2. Then I demo the Open Academy distribution, originally built by Chapter 3 for UC Berkeley (I believe), which is built on top of Panopoly and adds standard (ahem, Drupal Cloud) academic features like Publications, People, Events, and News.

3. And then I come to the primary thing I want to present, which is the Open Atrium distribution. Open Atrium builds on top of Panopoly, so it's basic structure should be very familiar. But it adds the most brilliant feature set and interface I've seen on any website. The distribution has been adopted by the United Nations as their primary platform, and that makes perfect sense to me.

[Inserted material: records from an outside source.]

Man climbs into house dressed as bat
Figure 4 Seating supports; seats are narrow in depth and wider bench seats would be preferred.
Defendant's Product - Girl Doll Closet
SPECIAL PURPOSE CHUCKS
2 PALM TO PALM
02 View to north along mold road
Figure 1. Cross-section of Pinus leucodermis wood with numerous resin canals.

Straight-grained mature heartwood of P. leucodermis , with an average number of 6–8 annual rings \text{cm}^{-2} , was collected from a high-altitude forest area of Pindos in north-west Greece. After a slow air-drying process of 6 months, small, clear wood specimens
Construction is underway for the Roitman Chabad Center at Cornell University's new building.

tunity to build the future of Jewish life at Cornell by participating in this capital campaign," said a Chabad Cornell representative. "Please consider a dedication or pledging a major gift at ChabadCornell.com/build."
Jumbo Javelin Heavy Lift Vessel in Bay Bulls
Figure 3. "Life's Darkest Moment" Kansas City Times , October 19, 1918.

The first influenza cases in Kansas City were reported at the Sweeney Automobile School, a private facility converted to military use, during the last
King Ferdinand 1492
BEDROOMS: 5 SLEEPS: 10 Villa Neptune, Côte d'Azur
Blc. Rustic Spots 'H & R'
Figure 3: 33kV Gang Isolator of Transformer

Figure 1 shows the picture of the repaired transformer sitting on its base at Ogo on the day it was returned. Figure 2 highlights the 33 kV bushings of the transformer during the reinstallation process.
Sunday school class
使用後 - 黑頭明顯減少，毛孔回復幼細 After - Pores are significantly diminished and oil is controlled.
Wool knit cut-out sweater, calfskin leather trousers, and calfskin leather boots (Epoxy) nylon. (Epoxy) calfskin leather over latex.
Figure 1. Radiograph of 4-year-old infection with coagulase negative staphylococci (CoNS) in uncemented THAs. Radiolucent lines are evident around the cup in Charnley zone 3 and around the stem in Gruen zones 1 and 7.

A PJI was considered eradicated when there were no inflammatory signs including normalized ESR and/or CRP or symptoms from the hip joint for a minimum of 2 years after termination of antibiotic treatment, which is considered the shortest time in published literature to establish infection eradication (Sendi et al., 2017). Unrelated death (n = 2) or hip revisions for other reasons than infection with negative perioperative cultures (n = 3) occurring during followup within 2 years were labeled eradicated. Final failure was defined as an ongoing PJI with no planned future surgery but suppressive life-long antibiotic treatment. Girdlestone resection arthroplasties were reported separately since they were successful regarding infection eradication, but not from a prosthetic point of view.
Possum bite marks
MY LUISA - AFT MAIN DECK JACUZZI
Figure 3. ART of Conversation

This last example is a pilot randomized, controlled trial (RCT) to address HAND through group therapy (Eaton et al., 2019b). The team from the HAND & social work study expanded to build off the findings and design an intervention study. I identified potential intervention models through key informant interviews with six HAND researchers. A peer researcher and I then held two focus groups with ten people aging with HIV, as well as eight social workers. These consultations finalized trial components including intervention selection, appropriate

Over the past year I've used Atrium as the basis of my own sites, and have added the features that I think belong on an MIT distribution, the most important of which is a documentation intranet. The fundamental flaw with nearly all web development is that there is no documentation, neither for users nor developers. Sites are built and handed off, but as soon as anyone from the original team leaves, the site becomes unmaintainable. Virtually every stand-alone site I’ve seen at MIT has gone through this life-cycle spiral.

The other key problem with our current approach is that so much effort is being wasted in recreating the wheel, in building functionality that should take an hour at most, not the entire development budget. So virtually every site at MIT is happy to post events, news items, and people, and call it a day. Some are more attractive than others, but their functionality and development is a direct version of their html base. Revolutions have happened in how sites are built, in what they do. But MIT has simply updated html to php. There is so much that could be happening with academic websites, especially in large research centers, and none of it is happening beyond decent looking sites that show events, people, and news items, and call it a day.

So the presentation today is about demo-ing a more efficient structure. It's not the manifesto I had in mind when I originally thought of this presentation. But I think it represents a better way forward.